Command R+ has been evaluated across standardized benchmarks and specialized human assessments, highlighting its strengths in RAG, tool use, and multilingual understanding. On the Open LLM Leaderboard, Command R+ demonstrates competitive results for academic metrics such as ARC Challenge, HellaSwag, MMLU, Winogrande, GSM8k, and TruthfulQA, with an average benchmark score of 74.6.
Human evaluations substantiate the model’s RAG capabilities. Command R+ demonstrates performance in tasks requiring document-grounded summarization with citations, as measured against other evaluated models in head-to-head preference assessments. These evaluations not only consider citation quality but also rate overall text fluency and utility for open-ended generation.
Charts demonstrating Command R+'s performance in human preferences for citation-based summarization and multi-step reasoning with external search tools.
Analyses using ToolTalk (Hard) and the Berkeley Function Calling Leaderboard indicate proficiency in conversational tool use and single-turn function calling. These assessments measure the model's rate of successful function execution within dynamic agent environments.
Command R+ evaluated on ToolTalk (Hard) and Berkeley Function Calling, showing high rates of conversational tool success and function pass compared to leading models.

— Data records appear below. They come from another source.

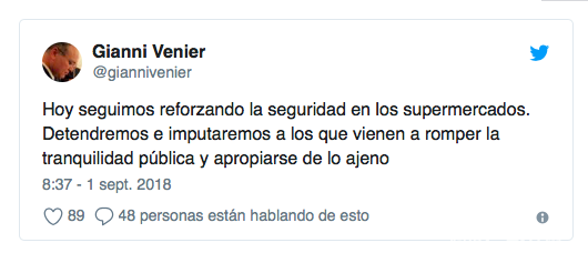 (阿根廷华人网9月1日讯/黄东)日前在门多萨地区发生了哄抢事件后,省安全部长Giani Venier通过推特发文,对企图参与哄抢的歹徒发出警告,声称对于打破公共安宁的行为必将予以严惩。
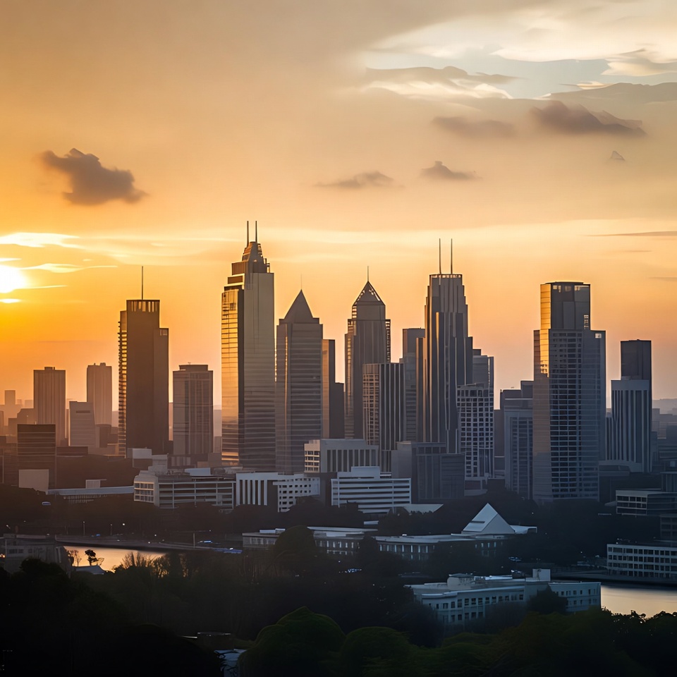 architecture, cityscape, clouds, dusk, evening sky, glowing sky, golden hour, high-rises, horizon, modern buildings, orange sky, river, silhouette, skyscrapers, sunset, tall towers, trees, urban landscape, waterfront, city skyline
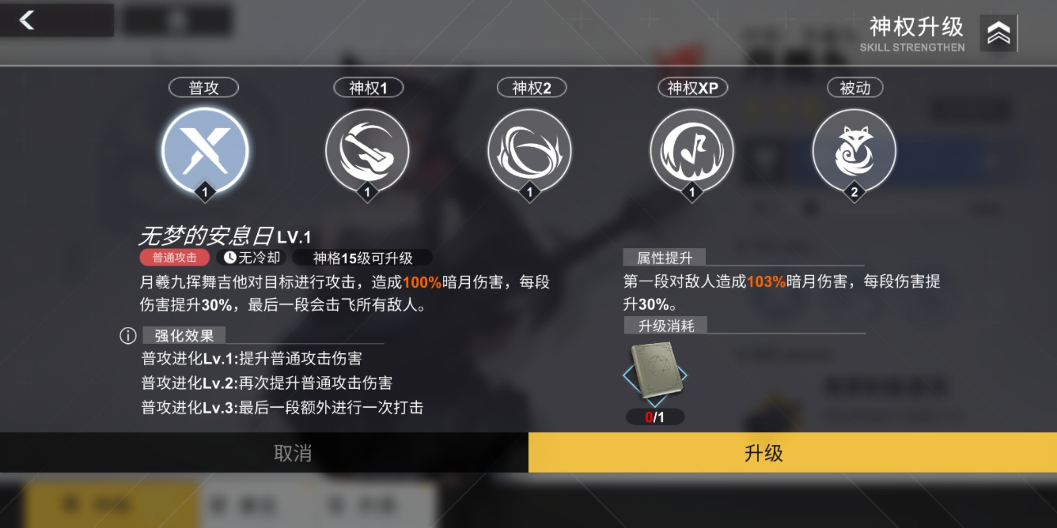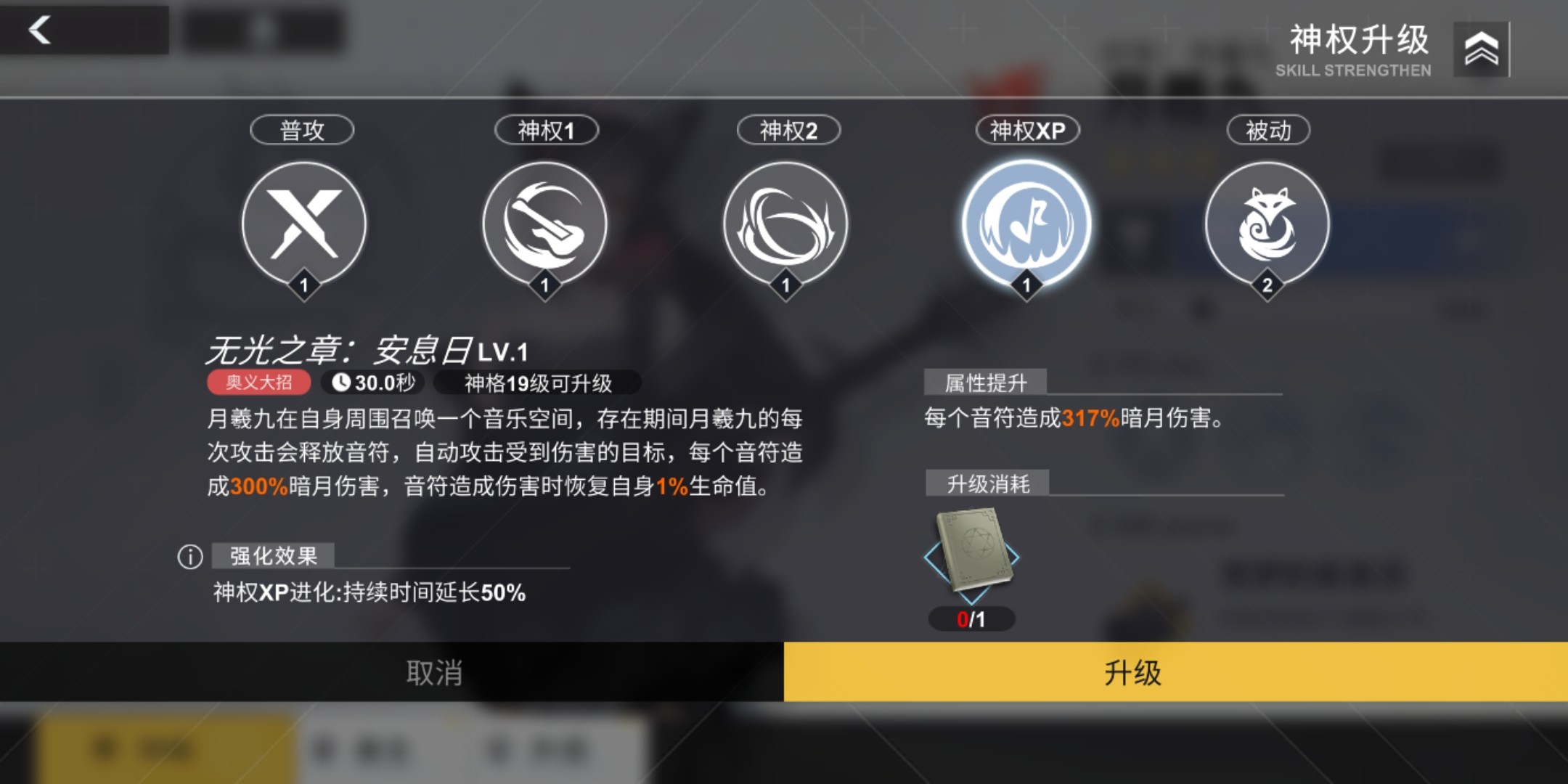 安息日月曦九在自身周围召唤一个音乐空间,存在期间月曦九的每次攻击会释放音符,自动攻击收到伤害的目标每个音符造成300+%的暗月伤害并回复1%的生命值神权
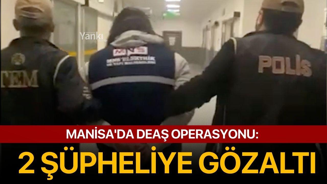 MANİSA'da polis ekiplerince terör örgütü DEAŞ'a yönelik operasyonda, Yalova'daki örgüt üyeleriyle bağlantılı oldukları iddiasıyla 2 şüpheli gözaltına alındı.
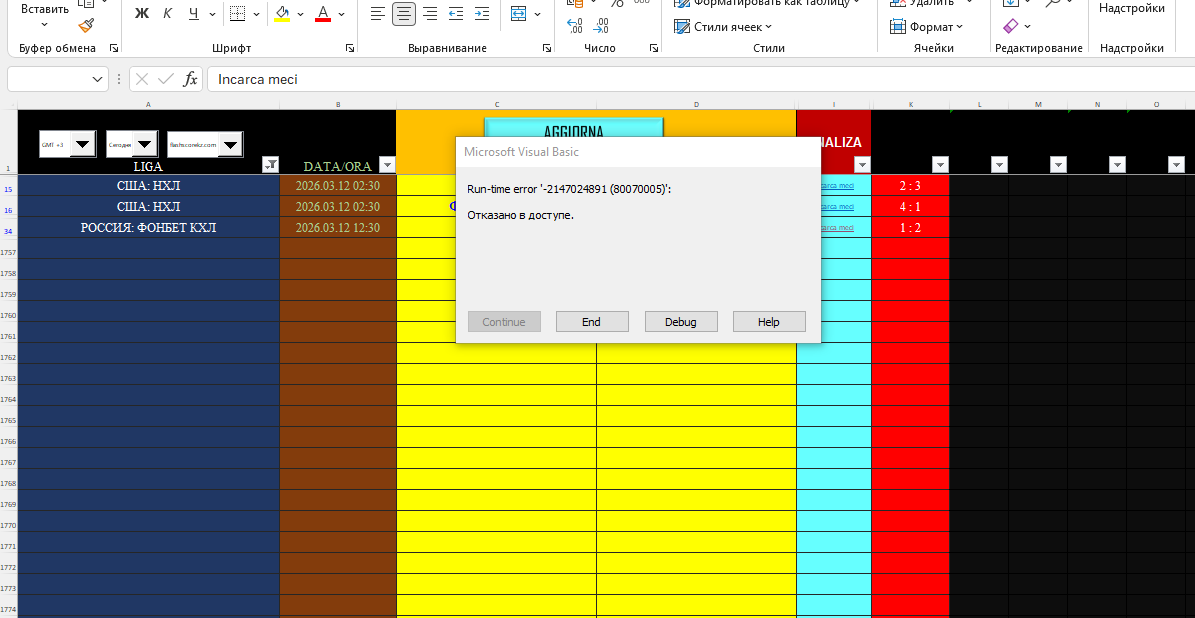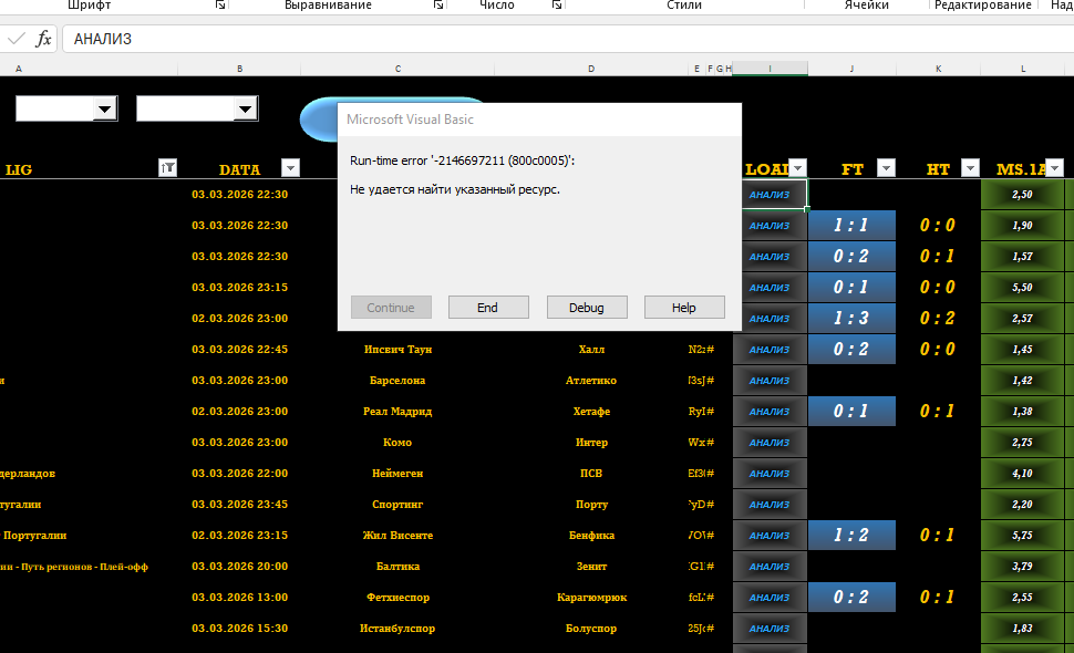 onyxbk 6 Опубликовано 12 марта Поделиться Опубликовано 12 марта 4 часа назад, kovan сказал: il.antonoff попросил оживить программу HOCKEY FORMULA vs POISSON, но когда я попросил прислать прогу он исчез из переписки. Нашёл в телеграмме, но образца 2024года, не знаю были-ли помоложе. Короче, вот она, может ещё кому интерсна: HOCKEY FORMULA vs POISSON.xlsm 1007.65 kB · 13 загрузок выдает такую ошибку после нажимаю на дебаг и выходит это в чем может быть проблема? Цитата Ссылка на комментарий https://brcbet.com/topic/68703-remont-tablits/page/187/#findComment-522244 Поделиться на другие сайты Поделиться

Command R+ also exhibits multilingual translation performance as evaluated on FLoRES and WMT23 tasks, demonstrating competitive BLEU scores for both English-to-L2 and L2-to-English scenarios over a range of languages.
Command R+ multilingual evaluation results across FLoRES and WMT23 translation tasks, compared to Claude 3 Sonnet, [Mistral-Large 2](https://openlaboratory.ai/models/mistral-large-2), and GPT4-turbo.
The model’s tokenizer demonstrates efficiency advantages for non-English applications, reducing required token counts—and thus operational costs—relative to Mistral and OpenAI tokenizers for various world languages.
Chart showing token cost multipliers for various tokenizers across non-English languages, highlighting Cohere's tokenizer efficiency in multilingual workloads.
Command R+ leverages an optimized large transformer architecture, pretrained on vast corpora encompassing multiple domains and languages. Its training pipeline integrates supervised fine-tuning (SFT) and preference training, which incorporates human feedback to enhance model helpfulness, factuality, and safety. The model’s RAG and tool-use specializations are a result of targeted fine-tuning, equipping it for document-grounded tasks and robust function-calling protocols.
Extensive multilingual support is achieved through both pretraining—drawing from resources covering more than twenty languages—and tokenizer engineering, yielding improved tokenization efficiency for non-Latin scripts and underrepresented languages.
Applications and Use Cases
Command R+ is tailored for enterprise tasks and research applications where reliability and factuality are considerations. Primary use cases include open-domain and document-grounded question answering, complex summarization with cited sources, agent-based workflows involving external tool invocation, and textual interactions involving code review, generation, and rewriting.
Its multilingual capabilities allow for deployment in global, cross-lingual environments. The model also supports automation scenarios, such as updating CRM records or orchestrating business workflows requiring sequential tool calls and reasoning steps. By supporting RAG with accurate, retrievable source citations, Command R+ can be used for applications demanding transparency and verifiability in responses.
For those requiring quantization, Command R+ is also available in 4-bit format to balance performance with memory efficiency.
Limitations
While Command R+ achieves results across RAG, tool use, and multilingual benchmarks, certain limitations are noted. Code completion may be less optimal, and standard LLM benchmarks do not comprehensively reflect RAG or tool-use capabilities. To preserve performance, strict adherence to specified prompt and chat templates for task-specific generation is recommended.